At the beginning of the year I published the article
Country Definition by IP: we test the speed of the algorithms , in which my “bicycle” was mentioned, which is distinguished by high speed. One of the popular questions was the possibility of determining the city by IP.
And a few months later, the project started as a “for fun” developed into an independent project.
A separate site dedicated to the
Sypex Geo project has been opened, where you can download the latest versions of the API and databases, as well as get acquainted with the documentation.

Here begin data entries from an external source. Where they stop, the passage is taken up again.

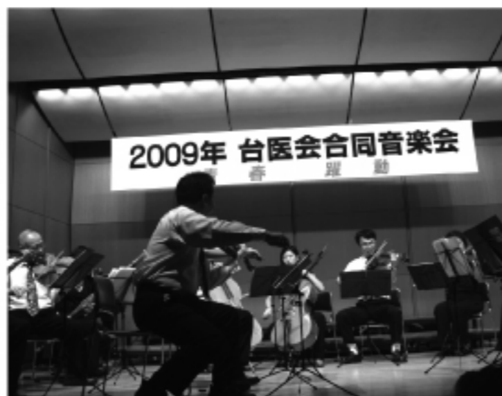
台醫會合同音樂會

由於台灣受颱風創傷嚴重，近千人死傷，主辦單位除設立募款箱外，音樂會前更全體起立默禱，祈求台灣風災死者安息，場面感人。
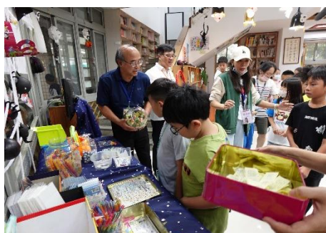
圖書館萬聖節活動
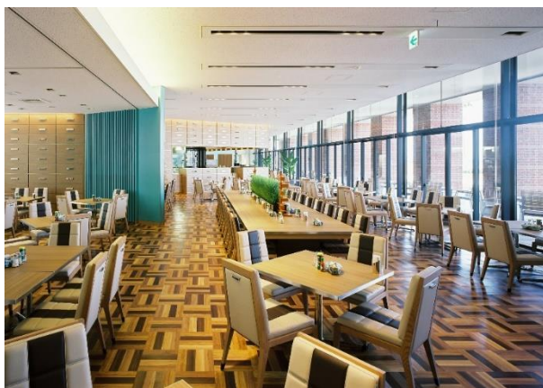
懇親会会場「レストラン ジョリポー」
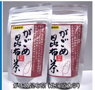
がごめ昆布茶 (北海道大学)
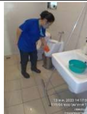
รูปที่ 50 แม่บ้านทำความสะอาดห้องน้ำ
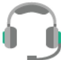
ESPACIO DE ENCUENTRO
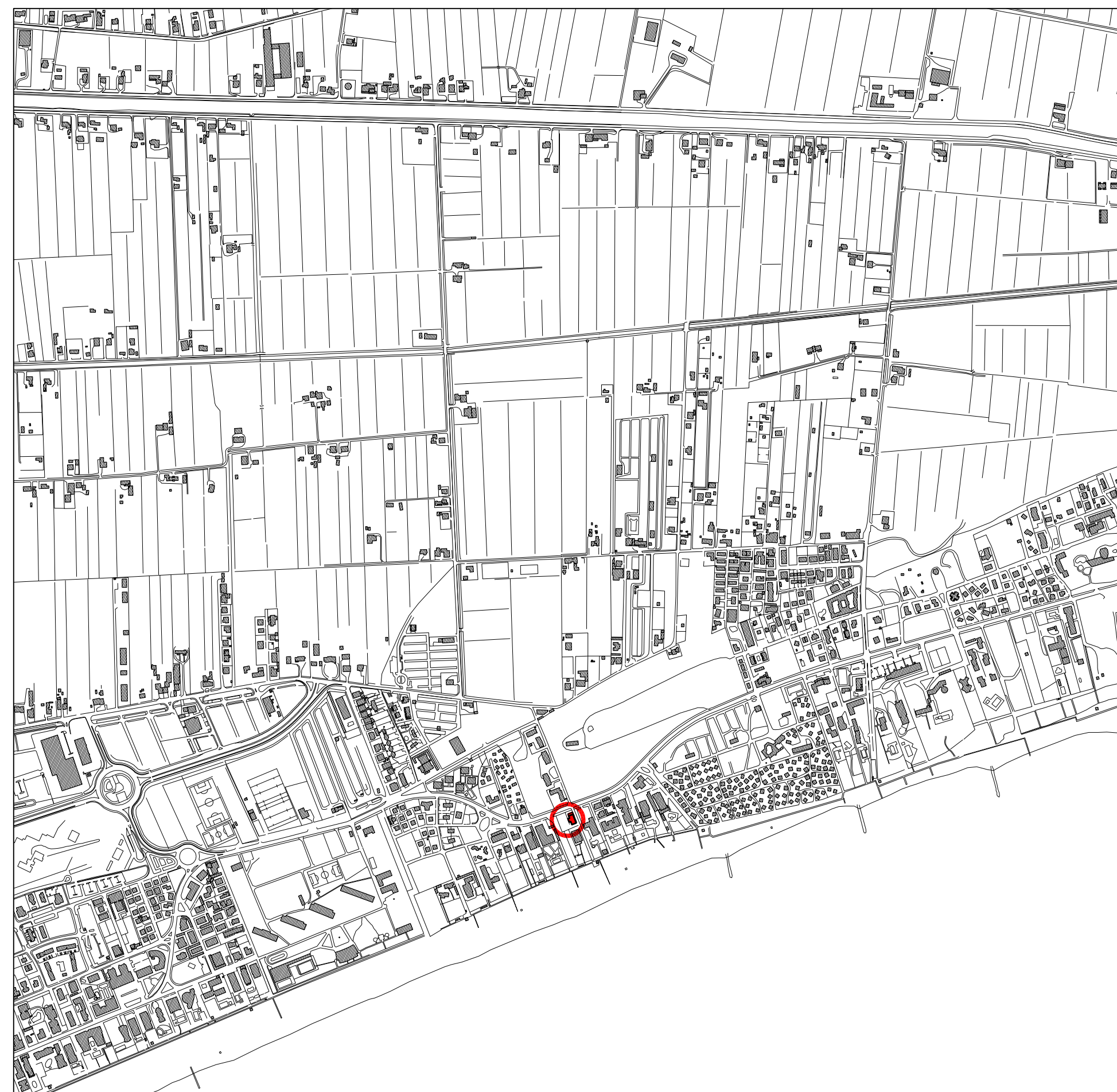
C.T.R. Scala 1:10.000
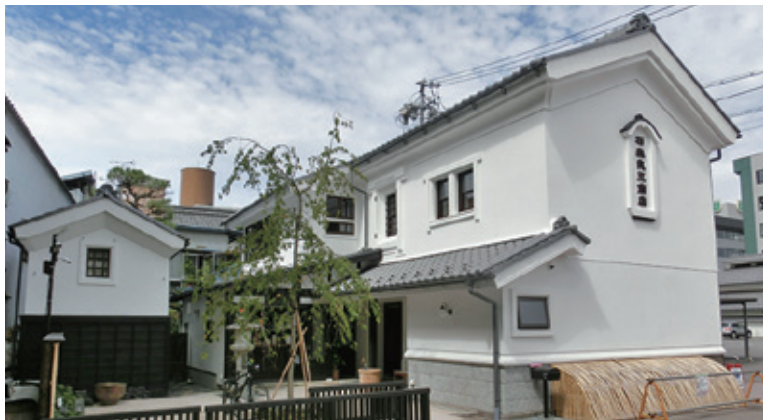
石森良三商店店舗

蔵は江戸時代後期に建築されたもので、今回の開店のために大工、左官の手により、約1年をかけて改築・再生されました。石森(株)は冠婚葬祭の贈答品の卸商ですが、近年は信州の逸品を集めたカタログギフトの企画・販売にも注力してきています。1階は、地元・県内の
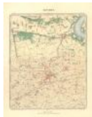
Dépot de la Guerre: Beveren (Beveren A4)
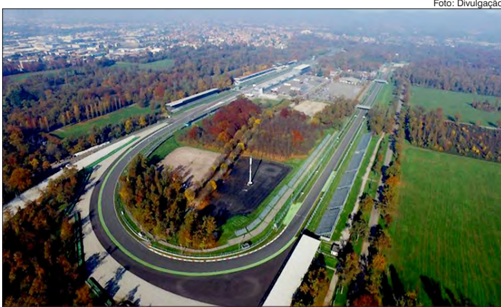
Autódromo de Monza

3. A CBF decidiu isentar todos os clubes das taxas relativas ao registro de contratos e à transferência de jogadores, pela paralisação do futebol em decorrência da pandemia do coronavírus. A validade dessa determinação, teve início na sexta-feira 3 e, é por tempo indeterminado. Estima-se que isso gere uma economia de R$ 1,3 milhão por mês aos clubes brasileiros. A medida inclui isenção de valores relativos à registro de contratos definitivos, de

For those who want to test the correctness of determining the city by IP, this is a
link to a demo page . And under Habrakat, I will describe some technical details and give the results of a little testing.
Sypex Geo 2.1 format
Since the publication of the last article, the format of Sypex Geo (abbreviated SxGeo) has been optimized, and the possibility of including two directories in the database - cities and regions - has been added.
')
When creating a new format, the following priorities were set:
- high speed
- low resource consumption
- openness (specifications of the format of the binary database file and API are open)

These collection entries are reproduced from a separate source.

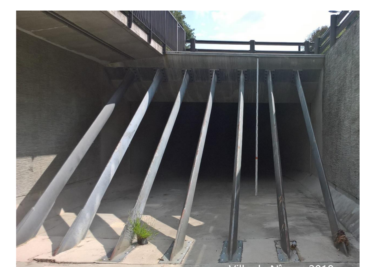
Image : Cadreaux de Nîmes au site de cimetière protestant pendant l'évènement de crue du 10 Octobre 2014 (à gauche) et sans évènement de crue (à droite).
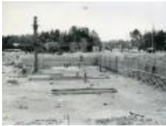
Mörby centrum byggs (se_ab_dhbf_00065)
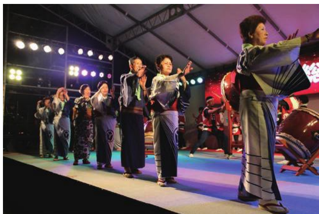
芸能協会の音頭で、会場が一体となった加西音頭総踊り
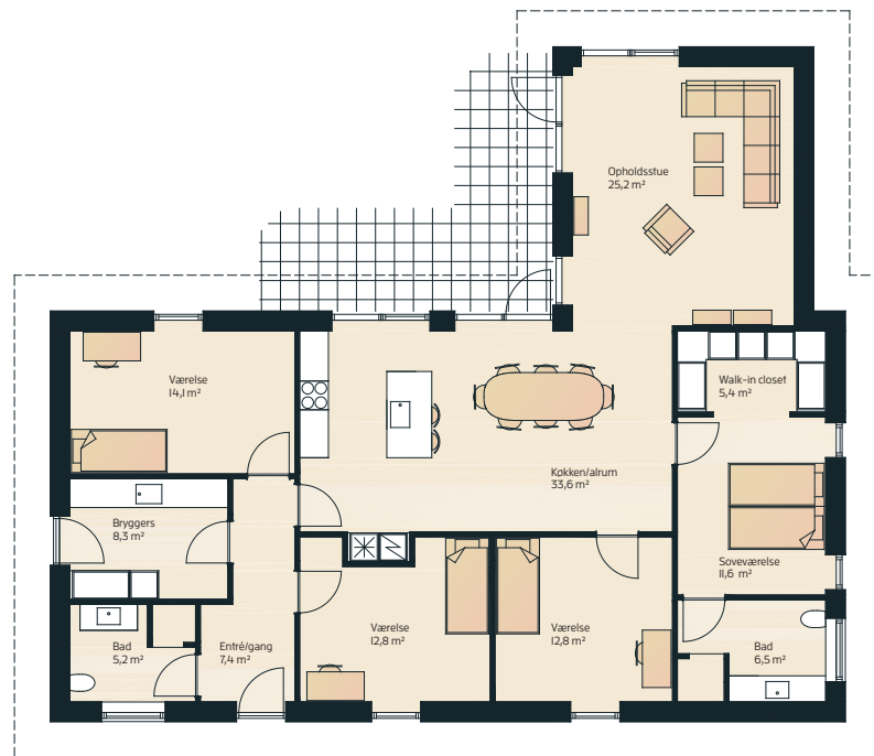
Vinkelhus 172 m 2
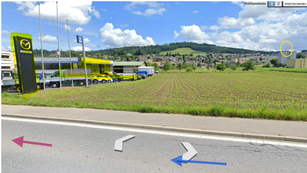
Vorbeifahrt mit Reflexionen an Tankstellen (-Schildern), Fahrzeugen:
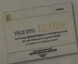
Vale de 12,02€ canjeable en la Boutique Renault
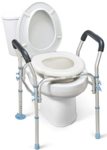
ELEVADORES PARA INODORO
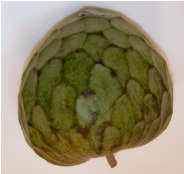
Annona cherimola – cherimole - STR- 91783

- universality (the ability to create databases with any data sets)
The format allows you to store data in different encoding. After exiting the beta, scripts for converting a database from MySQL to a binary database file will be published.
The following information is stored in the database:
- Country ID
- ISO 3166-1 country code (two character)

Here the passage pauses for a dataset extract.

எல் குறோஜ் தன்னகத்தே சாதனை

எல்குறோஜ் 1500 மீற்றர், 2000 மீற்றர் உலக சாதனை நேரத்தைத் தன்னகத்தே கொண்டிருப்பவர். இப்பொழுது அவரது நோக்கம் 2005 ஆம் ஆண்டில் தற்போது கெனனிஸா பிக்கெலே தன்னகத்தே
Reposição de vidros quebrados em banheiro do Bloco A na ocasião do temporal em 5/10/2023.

- Region code FIPS 10-4 (two-character)
- Region name (optional)
- City
- Latitude
- Longitude
- Timezone (optional)
This list can be modified and / or expanded if necessary. More information
about the SxGeo 2.1 format can be found on the website.
Own database
After a very close acquaintance with the popular geolocation system GeoLite City from MaxMind, it was decided to create its own database. The problem is that in GeoLite City there are a lot of inaccuracies, rubbish, duplicate cities, excessive splitting of the ranges, as well as problems with the cities of the former USSR (for example, the names of companies or responsible names from Whois are taken instead of cities).
At the moment, the base is based on GeoLite City, but already contains a completely revised coverage of Russia, Ukraine and Belarus. Gradually, other countries will be refined, primarily the CIS and Europe. The Sypex Geo City database contains the names of cities and regions in Russian in UTF-8 (there are not yet translated names), as well as the timezone.
In addition, other databases available on the site are converted to the SxGeo 2.1 format.
Using
Using Sypex Geo API is extremely simplified.
1. SxGeo.php SxGeoCity.dat ( ) 2. SxGeo.php , include("SxGeo.php"); 3. SxGeo
Performance testing
And for dessert, a little comparative performance testing. The opponents are GeoLite API and Geobaza API. All test participants use a binary database of their own format, and use the PHP API. Testing takes place under Win 7 (proportions are preserved on Linux), PHP 5.2.17.
Results after 10 runs for each API in two modes (normal and with caching in memory) averaging and rounding to dozens. For each run, an array of 50,000 random IP addresses is created, and a loop is searched by each algorithm.

Suggestion and wish are welcome. Also looking for help with porting API to other languages, and the creation of modules for Apache and nginx.